Hacker News new | past | comments | ask | show | jobs | submit login
GitHub Major Service Outage
204 points by DeepWinter on May 31, 2017 | hide | past | favorite | 81 comments
See https://status.github.com



A bit weird. GitHub says they fixed it, but on the other hand CircleCI still considers it as an outage :

> Monitoring

> May 31, 2017 3:08 PM

> GitHub have declared the outage resolved and we are starting to see incoming GitHub hooks. Builds are being triggered again. However we are still seeing failures with the GitHub API. This continues to prevent our webapp > from fetching data from GitHub. We are monitoring the situation and will ensure sufficient capacity for when their service resumes normal operations.


Maybe fixing the problem is different than recovering? Like stopping blood loss vs slowly replacing the blood.


Good thinking on GitHub's part not using github.com/github/status to host the content of status.github.com. Amazon, take notice.


Nitpick: They would still fail for DNS issues with *.github.com, so a domain like githubstatus.com would be even more resilient.


Nitpick: www.githubstatus.com is more flexible, potentially more resilient.


Nitpick: www.statushub.com is less obviously related, and therefore won't be attacked in tandem. If they want to go all the way, maybe just something like www.wesellnikesdiscount.com.


Were they doing this before amazon had that major outage?


Yes. They've been hosting it outside of their production infrastructure for several years.


Seeing an interesting thing where my github issue comments just posted are apparently posted a short time in the future. http://imgur.com/a/eQSc9

Doesn't seem to break anything, but it is a bit curious. May not be new though...I just happened to notice it today.


I've seen that, but I've chalked it up to clock skew on the client. It only seems to happen on one of my machines, and only after a couple months of uptime.

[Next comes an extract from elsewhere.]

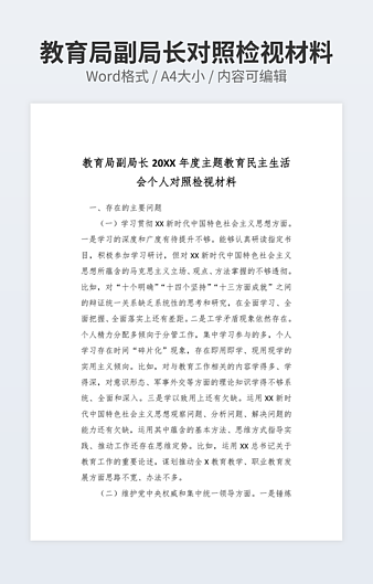 本作品内容为基层以案促改个人对照材料下载,大小为19.33KB,作品为高清大图模板,格式为docx, 属于对照检查模板,作品模板源文件下载后可用编辑替换,模板中如有人物画像仅供参考禁止商用。小Q办公网-提供简历,PPT,Word,Excel优质模板素材下载模版平台,拥有海量的工作总结、竞聘求职、年终颁奖、计划书等。 通过小Q办公网下载对照检查模板源文件编辑修改源文件文字和图片即可使用。

Ah, yes. I hadn't looked at it, but now I see that fixed date/times are in the html source, and the "x hours ago" messages are rendered in the browser.

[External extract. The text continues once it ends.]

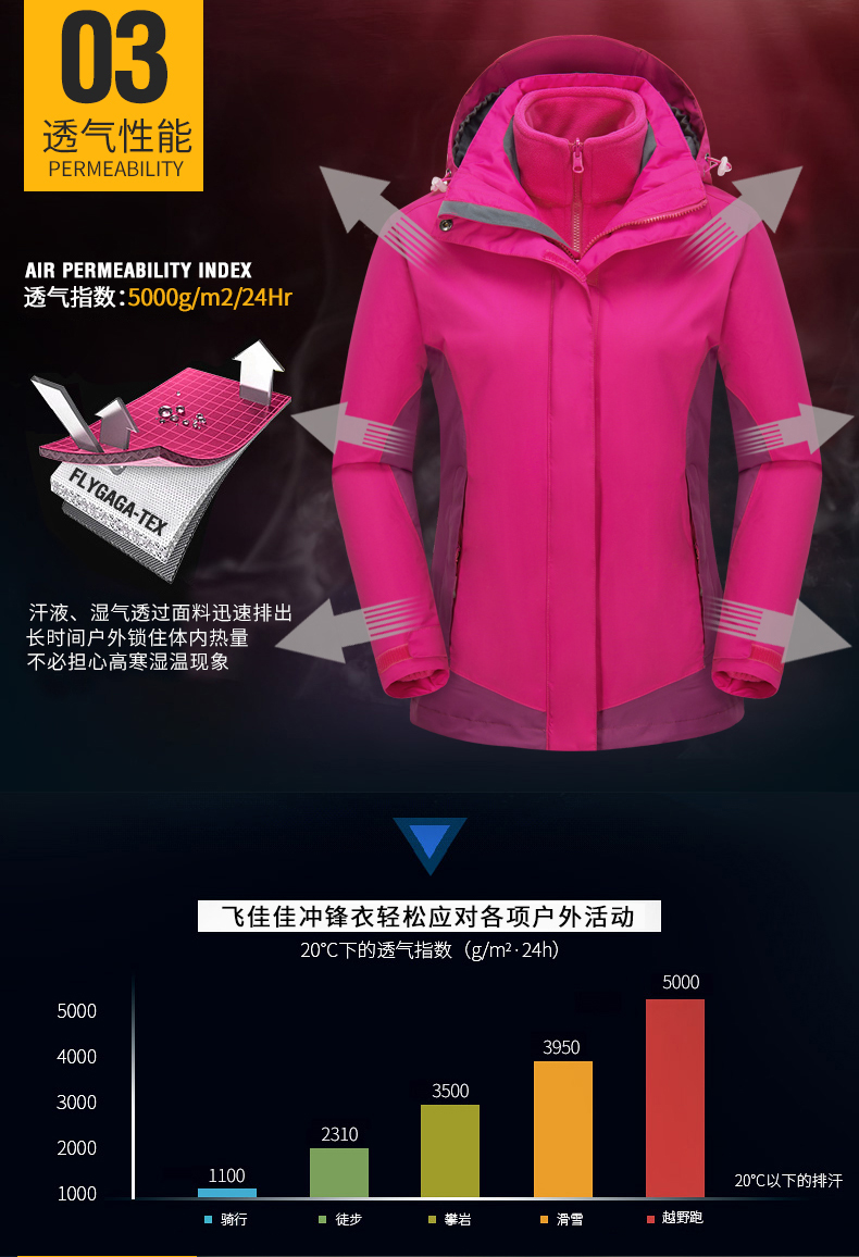防風防雨,鎖溫保暖,腋下透氣網洞,3合1沖鋒衣,內膽可拆卸

Fairly compact implementation too: https://gist.github.com/anonymous/33710bd9c7175a645dd0d72d1a...


I've noticed this behavior with a lot of services.

I can only chalk it up to something like clock drift between the processing node and the database server.

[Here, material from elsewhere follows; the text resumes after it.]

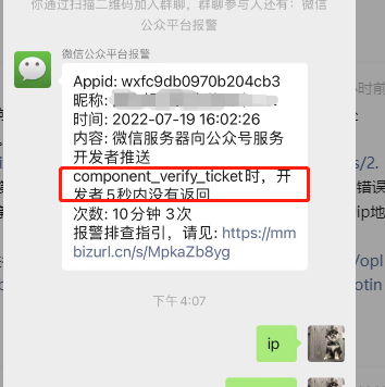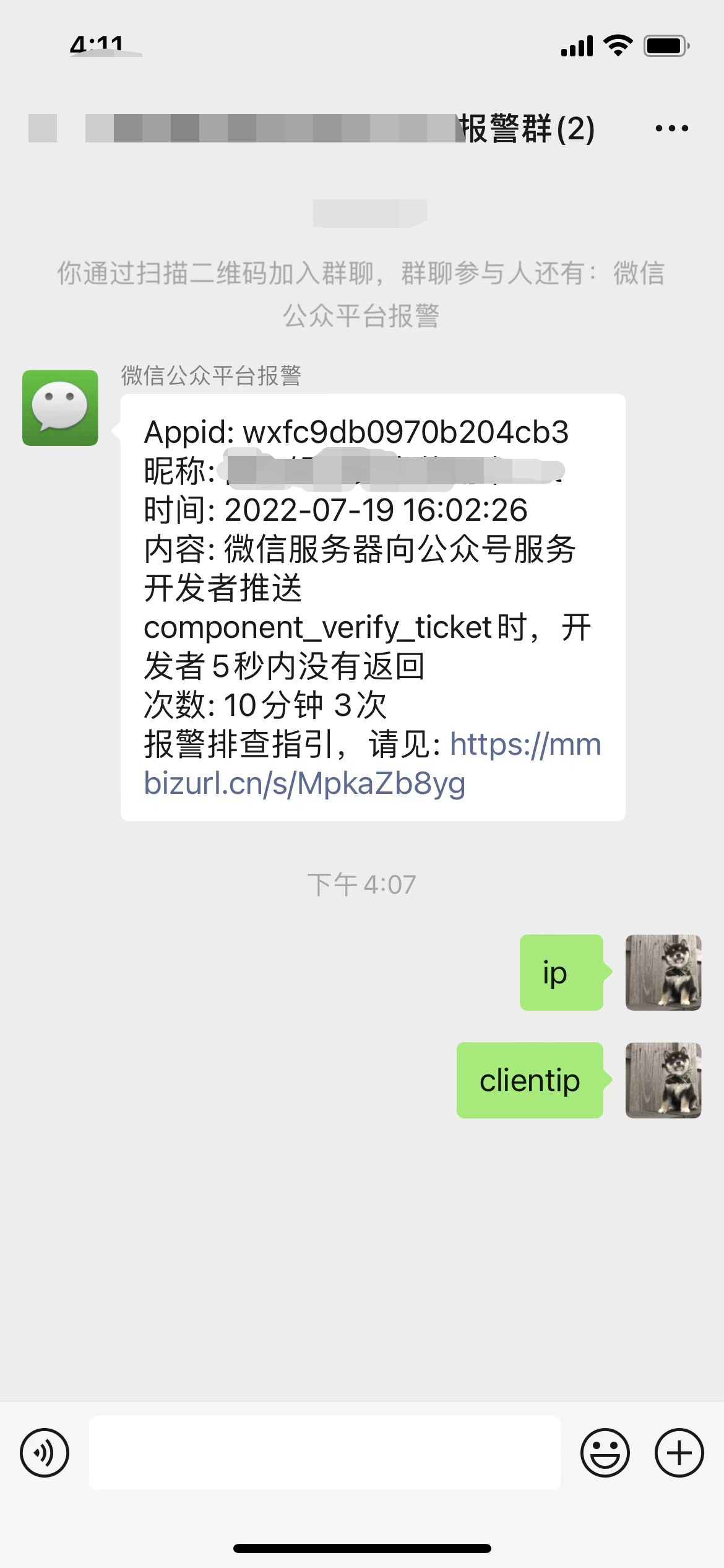 另外,请参考文档https://developers.weixin.qq.com/doc/oplatform/Third-party_Platforms/2.0/operation/thirdparty/alarm.html加入第三方告警群,告警信息群会将微信请求的clientip,错误信息,对应域名,对应域名解析的IP地址等信息推送至告警群中。根据告警群的信息,把对应的ip地址加入白名单,允许其访问你们的网络。

Irritatingly I can't remember which site it was but I posted something somewhere a couple days ago and immediately after hitting enter the site marked what I'd said as submitted "a few seconds from now". I never fail to be amused that the fuzzy time library being used has code specifically designed to handle this edge case scenario. :D


I don't think it's really an edge case. Probably one of the main uses, actually.

Sure, if you use it to show comment age, you shouldn't ever see it, but I'm sure they fully support using it for countdowns, too.

EDIT: it's the 4th example under relative time for Moment.js (https://momentjs.com/).


I can totally agree about relative timestamping in both directions (past+future) - my argument is more about the UX of situations where you're canonically referring to a past event.

So as not to spam with my reply to a similar comment, I'll link it: https://news.ycombinator.com/item?id=14452335


Git timestamp can be set with different timezone so technically GitHub can analzye the timestamp (which they do) and compare with the actual clock of timezone. There's only a small problem though: the latency from the clock check server must be low otherwise we would be 1 second ahead by the time we get response and then another second or two after webpage render.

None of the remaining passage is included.